CODE_n? Was ist CODE_N? Der Frage kann ich leicht abhelfen: CODE_n ist eine Initiative für frische Ideen im Web- und IT-Bereich:

„Ziel des Netzwerks ist es, die findigsten Köpfe der Branche und ihre Ideen miteinander in Dialog zu bringen, kontinuierlich zu fördern und in diesem Kraftfeld Innovationen anzuregen und zu beschleunigen.“

Hierfür werden die 50 innovativsten Jungunternehmer aus den o.g. Bereichen gesucht. Gleichzeitig läuft bis zum 26.11.2011 ein Blogwettbewerb zu Fragen der Mobilität, u.a. mit folgenden Fragestellungen:

„Wer ist der nächste Steve Jobs der mobilen Revolution? Wie sieht Mobilität in 20 Jahren aus? Setzt sich Echtzeit-Kommunikation durch oder ist Twitter in fünf Jahren vergessen? Wie verändern Smartphone, Foursquare & Co. unser Leben und Arbeiten? Wir wollen Eure Meinung und Eure Ideen!“

Die beiden Zitate sind der Vorstellung des Blogwettbewerbs entnommen. Zu gewinnen gibt es auch etwas – nach der Bewertung der Beiträge durch eine Jury, bestehend aus Oliver Gassner, Stefan Glänzer, Martina Pickhardt, Martin Röll, Nicole Simon und Andreas Schreiber.

Dann spinn ich also einfach mal los:

Personen?

Der neue Steve Jobs der mobilen Revolution?

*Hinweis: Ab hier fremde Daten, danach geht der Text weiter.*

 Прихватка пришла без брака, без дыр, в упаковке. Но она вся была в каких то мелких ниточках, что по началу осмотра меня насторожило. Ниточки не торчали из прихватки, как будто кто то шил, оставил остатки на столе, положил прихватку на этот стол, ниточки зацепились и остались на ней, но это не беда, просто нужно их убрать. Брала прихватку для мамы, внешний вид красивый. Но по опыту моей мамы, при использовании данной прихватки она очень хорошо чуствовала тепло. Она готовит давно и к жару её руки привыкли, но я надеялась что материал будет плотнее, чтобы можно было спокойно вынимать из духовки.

Keine Ahnung – geniale Menschen tauchen von Heute auf Morgen auf und bleiben oder verschwinden. Wichtiger wäre sowieso, wenn Innovationen nicht von einzelnen Personen im Vordergrund abhängig gemacht werden, sondern stattdessen diese von vielen Personen entwickelt und bekannt werden. Eines der Probleme dabei stellen teilweise Konzerne da, die innovative Entwicklungen, die in Konkurrenz zu eigenen Produkten stehen, aufkaufen, um sie dann in der Schublade verschwinden zu lassen.

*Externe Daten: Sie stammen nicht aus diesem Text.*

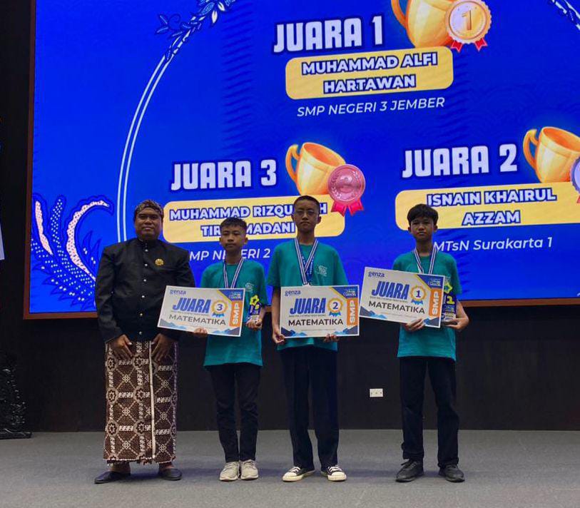 Untuk Kategori Matematika, Juara 1: Muhammad Alwi Hartawan – SMP Negeri 3 Jember, Juara 2: Isnain Khairul Azzam – MTsN Surakarta 1 dan Juara 3: Muhammad Rizqullah Tirta Madani – SMP Negeri 2 Jember

Mobilität? Mobilität „klassisch“?

Mobilität in 20 Jahren? Mit zwei Sätzen weiche ich da von dem eigentlichen Thema ab und gehe weg vom unmittelbaren IT-/Webumfeld: Ich denke, hoffe und wünsche, dass wir uns unserer Verantwortung gegenüber der Umwelt (Natur und Menschen) gerecht werden und insbesondere der Individualverkehr weniger und umweltfreundlicher wird. Hier helfen neben Alternativen zum klassischen Treibstoff auch Ideen, wie man vorhandene Kapazitäten an Fahrzeugen besser nutzt – und damit komme ich wieder zu dem eigentlich Thema zurück, denn hier gibt es bereits einige Ideen, die das Carsharing verändern.

Nicht mehr nur die Platzhirsche wie (hier in Stuttgart) Stadtmobil und Flinkster, sondern neue Konzepte wie das der Autonetzer und Flinc können hier einen großen und wichtigen Beitrag leisten. Kurzfristige Mitfahrgelegenheiten wie bei Flinc, privat das Auto zu vermieten wie bei Autonetzer – es wäre schön, wenn das in der breiten Bevölkerung stark angenommen wird und sich vielleicht auch weitere Ideen in diesem Bereich entwickeln.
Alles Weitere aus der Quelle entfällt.